Search In Sorted Matrix

"Great things are done by a series of small steps brought together."

Just like searching in a matrix—progress step by step, and you'll reach your goal!

"Today we solve Search In sorted Matrix"

🔍 Search in a Sorted Matrix

Problem Statement

Given an n x m matrix where every row and every column is sorted in ascending order,

determine if a target value exists in the matrix.

Example:

Matrix:

1  4  7 11  
2  5  8 12  
3  6  9 16  
10 13 14 17
Target: 5
Output: true

1️⃣ Brute Force Approach

Algorithm:

Traverse every cell in the matrix.

If a cell matches the target, return true.

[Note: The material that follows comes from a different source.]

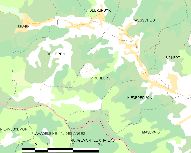 Map of French municipality
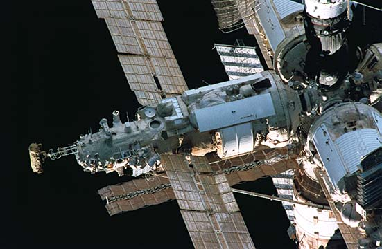 Overall view of Kvant-2. Photo taken by STS-79.

If no match is found after searching all cells, return false.

Time Complexity: O(n * m)
Space Complexity: O(1)

2️⃣ Row/Column-Wise Binary Search

Algorithm:

For each row:

Use binary search to find the target.

Stop if found, else try the next row.

Time Complexity: O(n * log m)
Space Complexity: O(1)

Staircase Search (Optimal)

Start from the top-right corner of the matrix.

At each step:

If the value equals target, return true.

If the value is greater than the target, move left (decrement column).

If the value is less than the target, move down (increment row).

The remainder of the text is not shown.